つまり、洗い物を増やし、水の節約にはならない。普通の炒め料理であればアルミホイルが有効だが、インスタント焼きそばのアルミ箔調理は難易度が高そうだ。(ちなみに、水調理は麺に味が付いていることが前提なので、インスタント焼きそばには向かないだろう。多分、冷たいとおいしくない。)

 

チキンラーメンを、その手で

そんなとき、究極のサバイバル即席麺となるのが、チキンラーメンスナックである。

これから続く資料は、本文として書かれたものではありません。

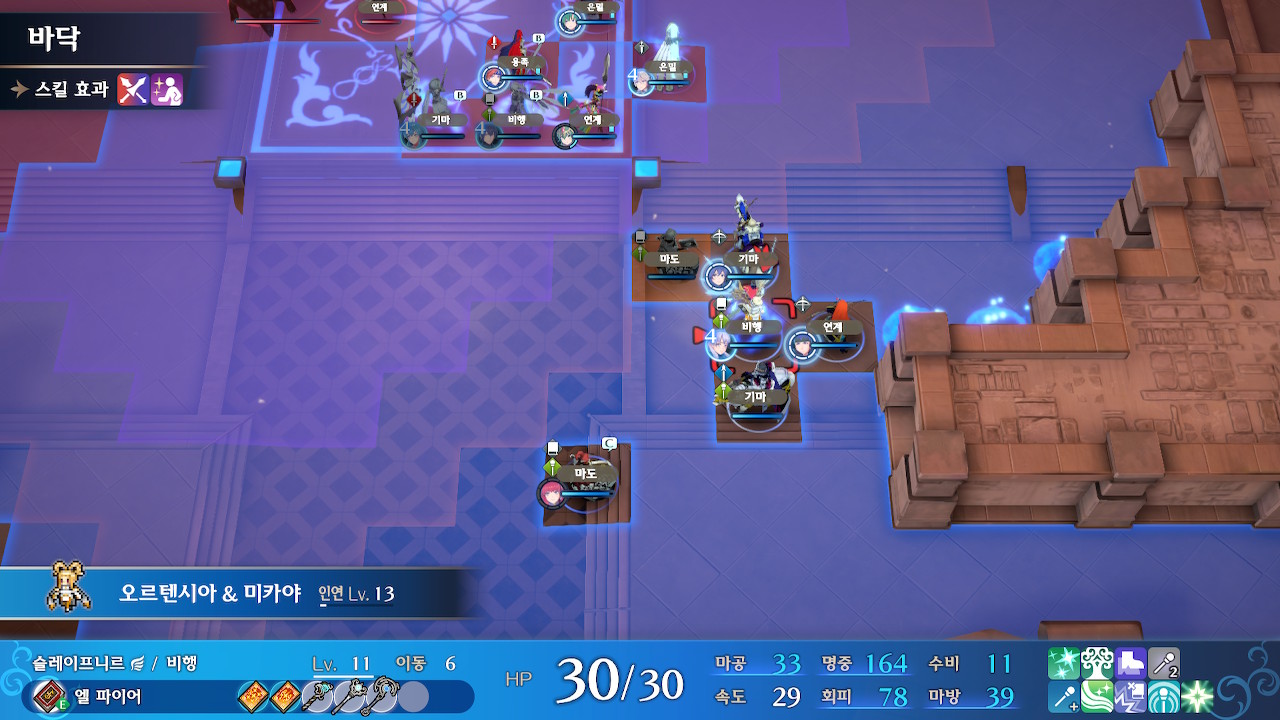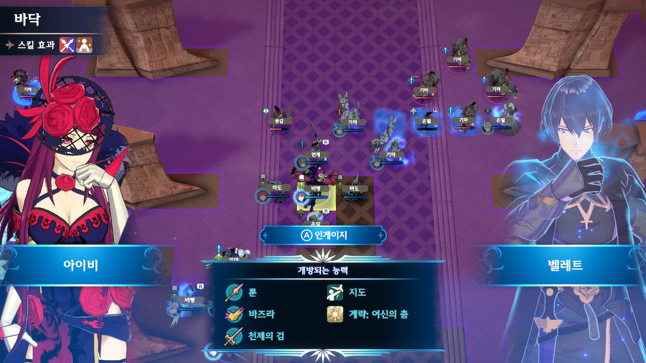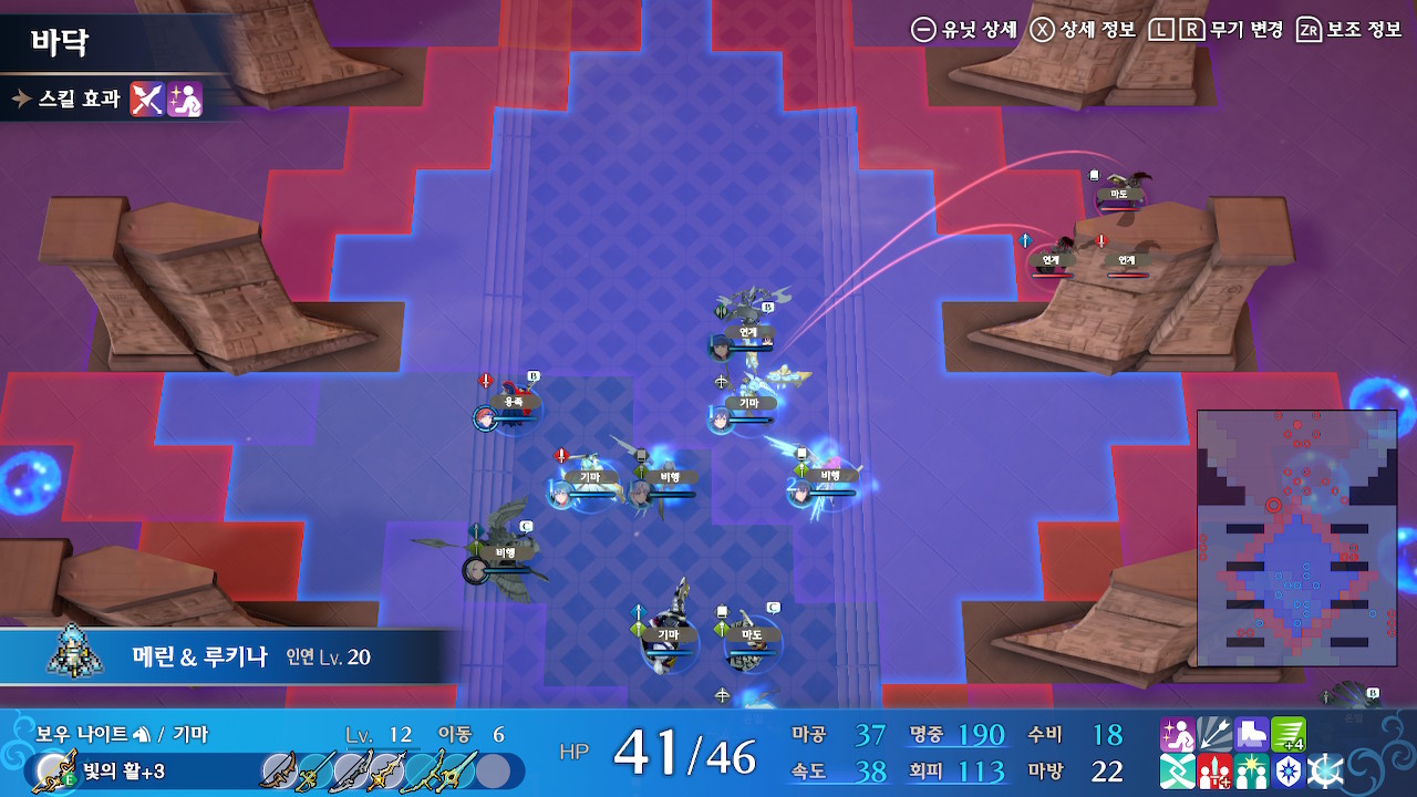 좌하단의 이형룡을 잡은 직후, 위쪽의 보우나이트의 공격범위에 노출될 수 있습니다. 그런 경우에는 미카야 인게이지+아이스록으로 별동대를 보호 해주세요.

チキンラーメンスナックといっても、そういう商品があるわけではない。その手でチキンラーメンを砕くのだ。

 


チキンラーメンの場合は麺自体に味が付いているので、普通のラーメン風スナック菓子と同様に加熱せずに食べられる。砕くときは、袋が破れて中身が飛び散る可能性があるので、大きめの調理用ポリ袋に入れるのがよいだろう。調理に使う水が惜しいとき、水を使わずに食べることは極めて賢明な選択である。

 

インスタント麺は理想ではない

インスタント麺は、日常用のストックを非常時に流用できる利点があるだけであって、理想的な非常食とはいえない。非常食は即席麺とは別に必要であり、非常食がなかったとき・足りなかったときに使える程度だ、という認識を持つべきである。


一方で、今話題のローリングストック法においては、有効な備蓄と考えることもできる。ローリングストック法とは、「非常食」というものを非常のために用意するのではなく、日常的に食品の備蓄をし、食べていこうという考え方のことだ。こうすることで、せっかく用意した非常食が消費期限切れで食べられない・飲めないという事態を防ぐことができる。

 

tokusuru-bosai.jp


ただし、「停電中におなかが空いても、火を使わずにカップ麺が食べられるよ」という話であって、カップ麺は災害食に適しているという話ではないということだけご留意願いたい。